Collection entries
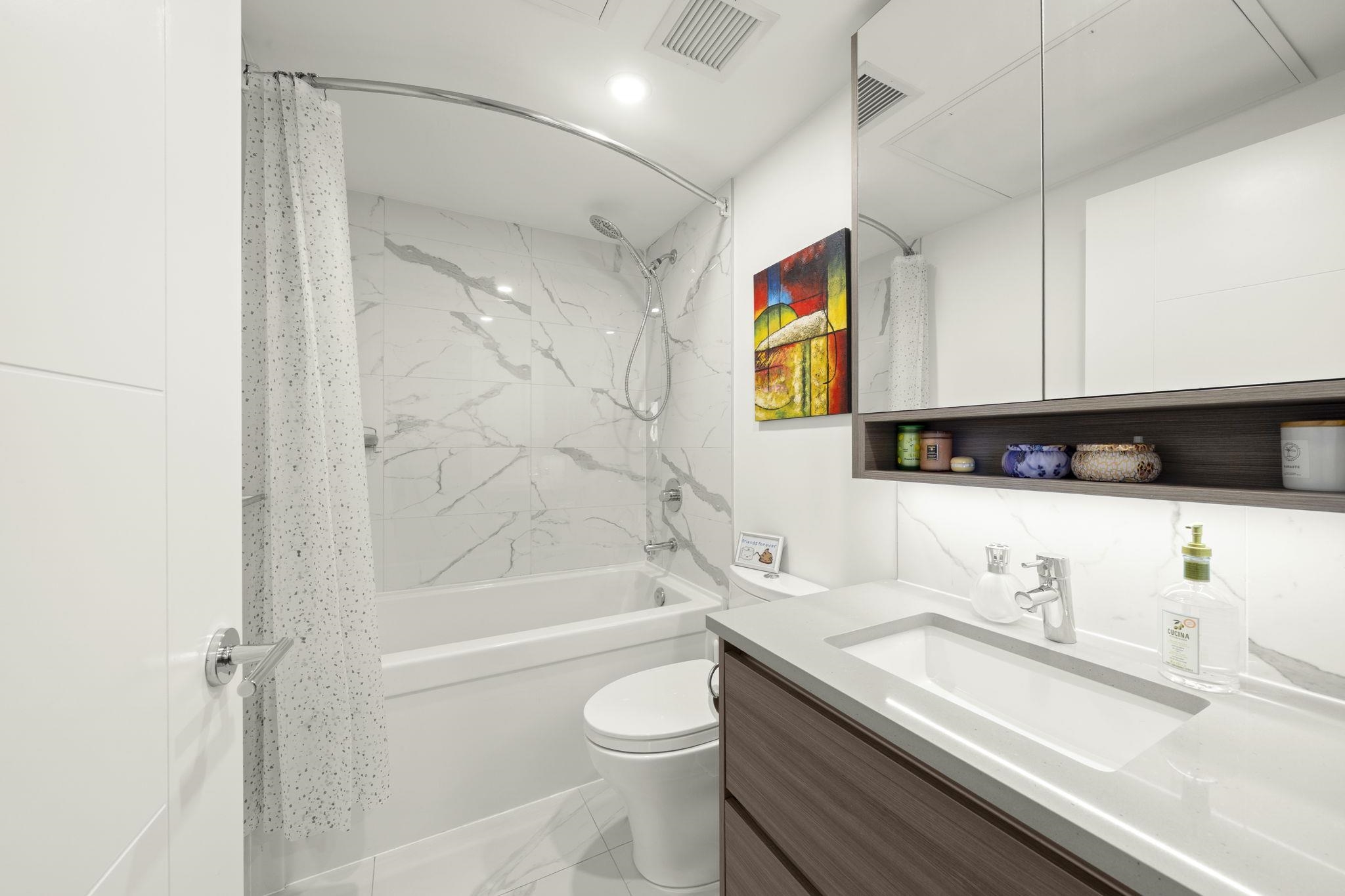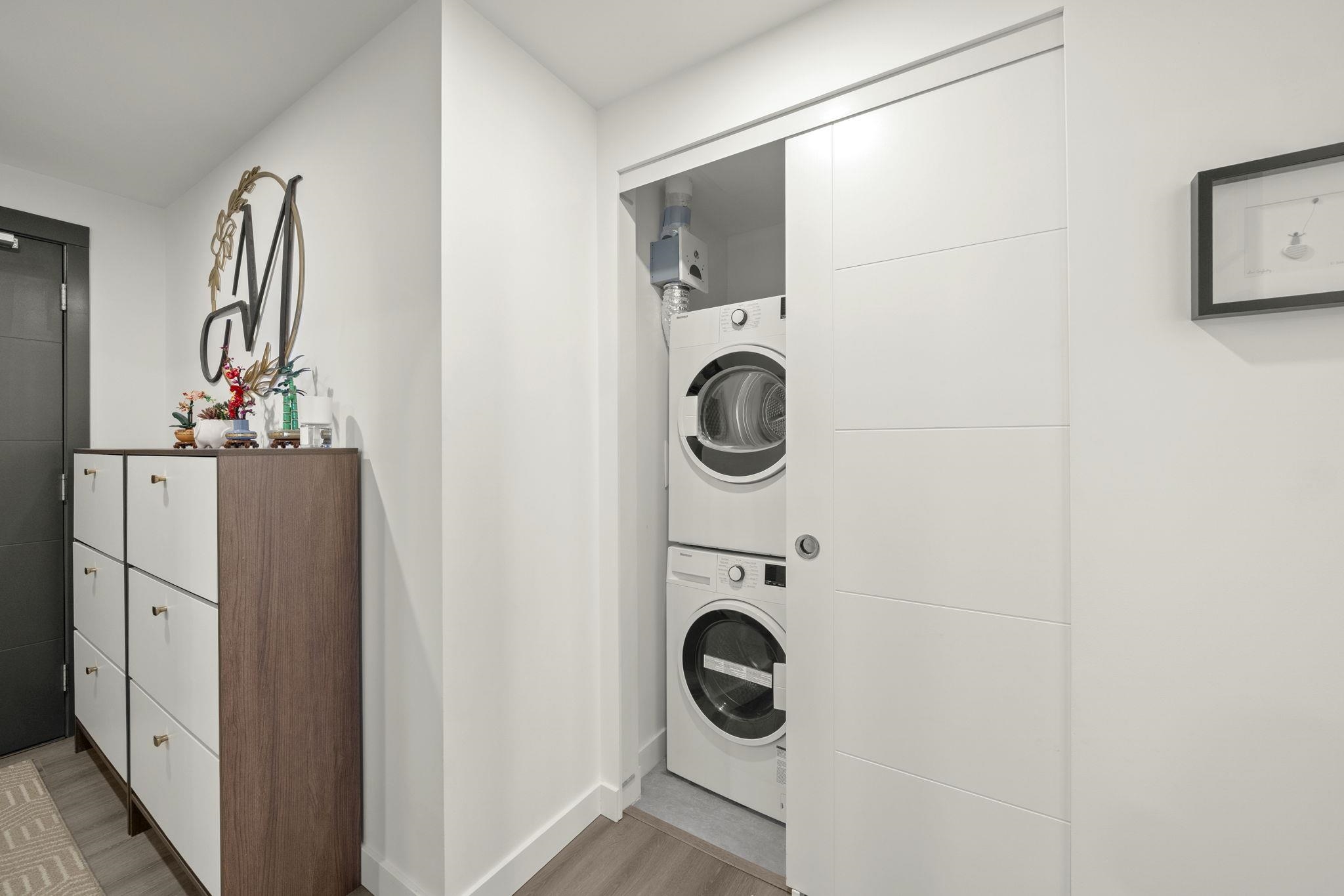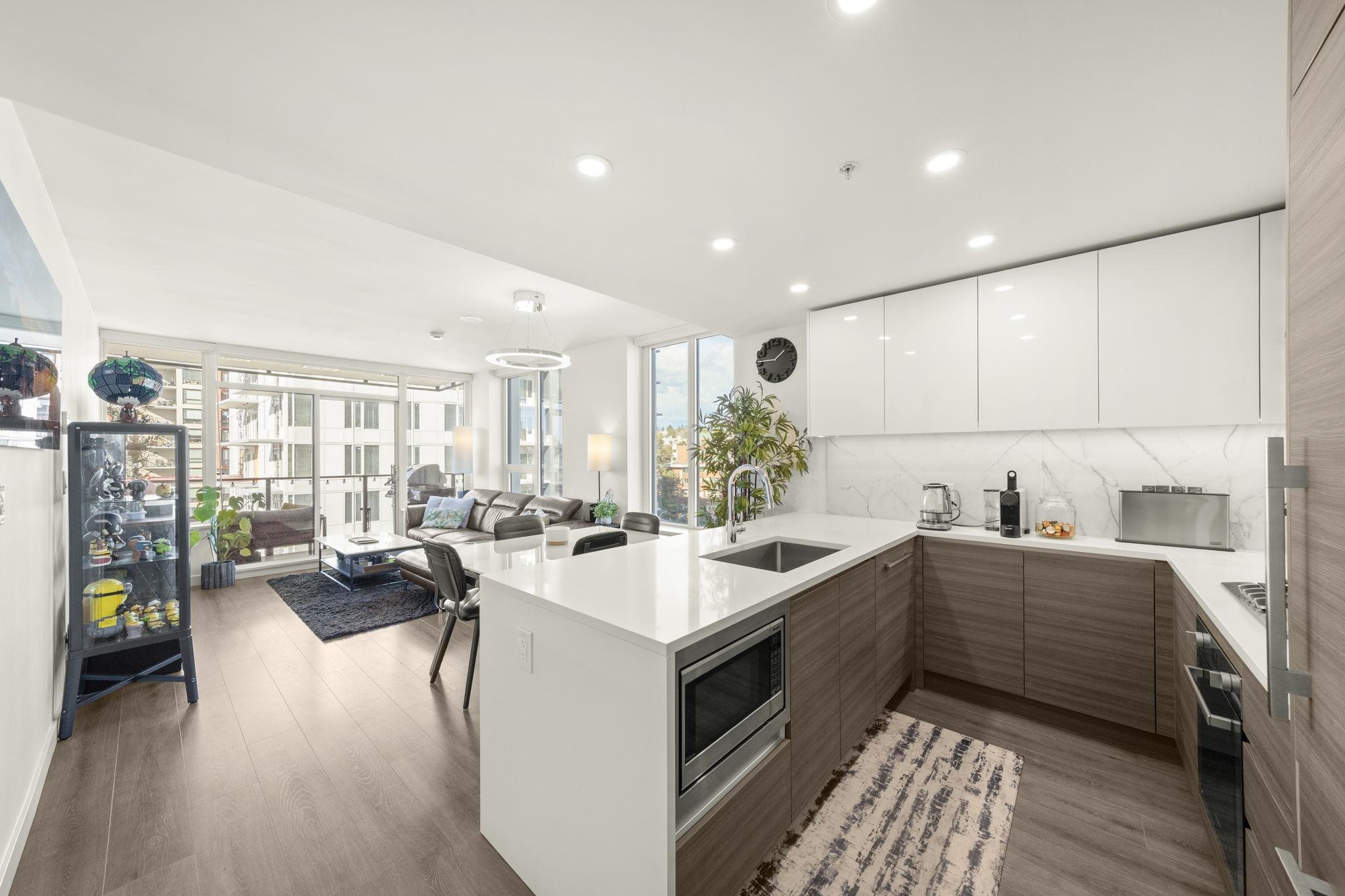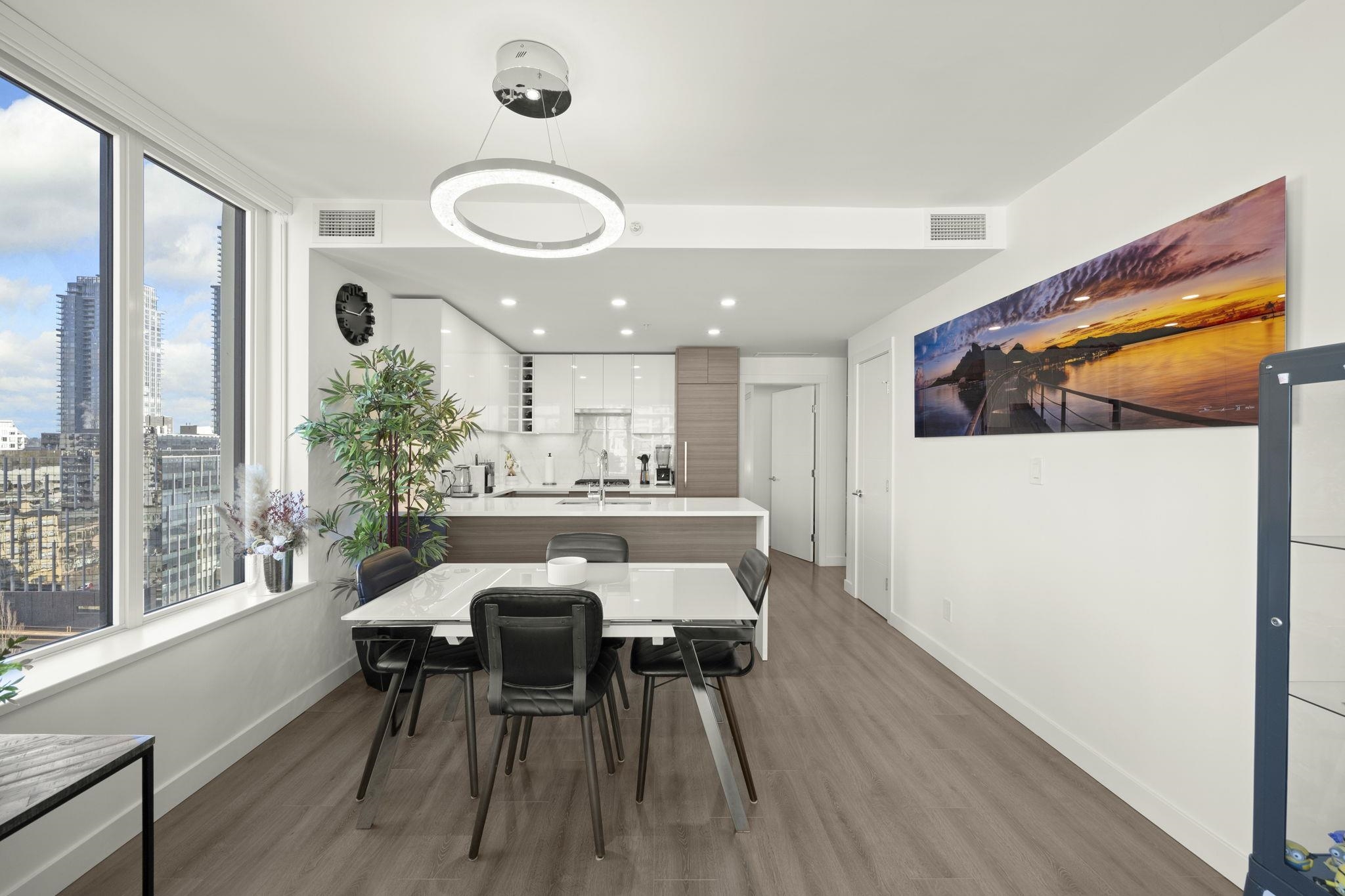 Welcome to Ovation in the heart of New Westminster. This oversized 1 bedroom + den home offers a bright, open-concept layout with generous living and dining space rarely found in newer condos. The large U-shaped kitchen provides excellent counter space and storage, while expansive windows fill the home with natural light and open to a private balcony with vibrant city views. Comfort is built in with heating and cooling included in the strata fees. Residents enjoy premium amenities including concierge servic...
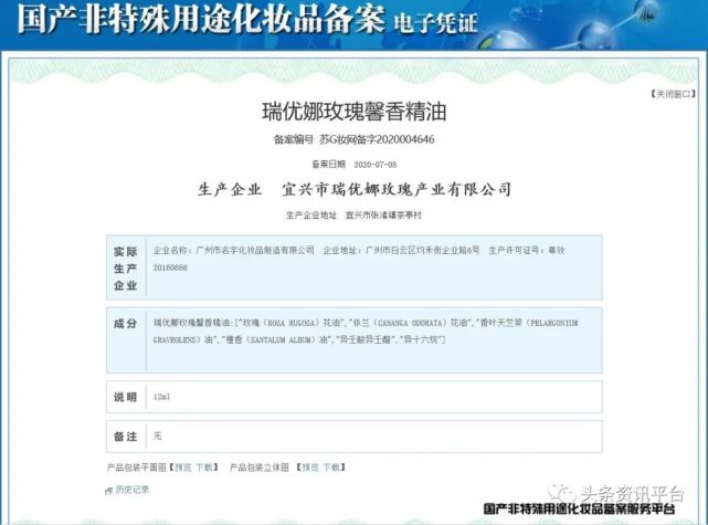而我们在查询的过程中发现,这款瑞优娜玫瑰馨香精油属于国产非特殊用途化妆品范畴,生产许可证号为粤妆20160686,实际生产企业为广州市名宇化妆品制造有限公司。
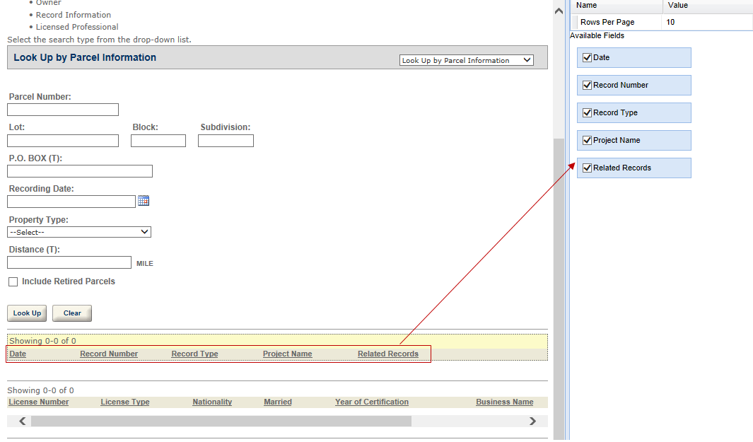 You can configure Civic Platform and Citizen Access setup to create customized search forms for records and APO (Address, Parcel, and Owner) using APO template fields. For example, you can display the parcel template field Property type in the Look up by parcel information form and then public users can use that field to locate any parcels of a specific property type.
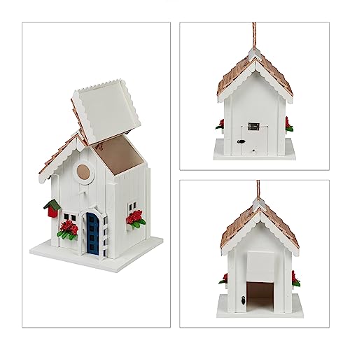 Relaxdays Decorative Bird Villa, Country House Style, Wood, Hanging or Standing, HWD: 23.5x18x18cm, Weatherproof, White
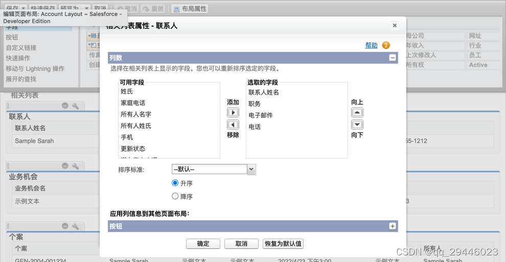 相关列表(RelatedList)指的是展示子记录的列表(创建字段时,谁Lookup你就是你的子记录),这里可以配置要显示子记录的哪些列(RelatedListColumn),以及它们的显示顺序。
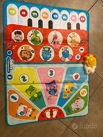 Con 2 modalità di gioco, per apprendere il senso del ritmo, le note musicali, gli strumenti e tanto altro ancora grazie a semplici quiz basati sulle associazioni. Premendo con le mani sui tasti degli strumenti musicali il bambino può ascoltare simpatiche melodie, con il tasto “direttore d’orchestra” si cambia canzone… ed è tutta un’altra musica! E con la modalità di gioco in piedi, premendo i tasti del tappetone con i piedi il bambino impara a riconoscere i versi degli animali e i primi numeri giocando in movimento. Sviluppa la manualità, le capacità motorie e logiche.
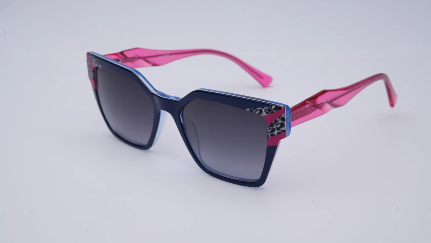 Oprawa okularowa reprezentująca wielokolorową kolekcję opraw okularowych i okularów przeciwsłonecznych marki Ghosteye Eyewear Radosława Wiktorowicza. Wielobarwność, przepiękna paleta barw i wyjątkowe kobiece formy to cechy rozpoznawcze marki. Prezentowany model to propozycja dla odważnych kobiet szukających efektownej, multikolorowej i radosnej stylizacji. Połączenie niebieskiej grafiki z różowym tworzy ciekawy kontrast, wygląda niepowtarzalnie i świetnie prezentuje się na żywo. Oprawa będzie dobrze komponować się z różnymi kształtami twarzy. Produkt wykonany jest z wysokiej jakości acetatu i wyprodukowany w wąskiej, limitowanej ilości. Do okularów dołączone etui i ściereczka z mikrofibry.

• WHAT NEEDS TO BE DONE: In the data above, retype only the stretch from the line with "而我们在查询的过程中发现,这" through the line with "You can configure", word for word, and skip any pictures.

• TASK SOLUTION:
而我们在查询的过程中发现,这款瑞优娜玫瑰馨香精油属于国产非特殊用途化妆品范畴,生产许可证号为粤妆20160686,实际生产企业为广州市名宇化妆品制造有限公司。
 You can configure Civic Platform and Citizen Access setup to create customized search forms for records and APO (Address, Parcel, and Owner) using APO template fields. For example, you can display the parcel template field Property type in the Look up by parcel information form and then public users can use that field to locate any parcels of a specific property type.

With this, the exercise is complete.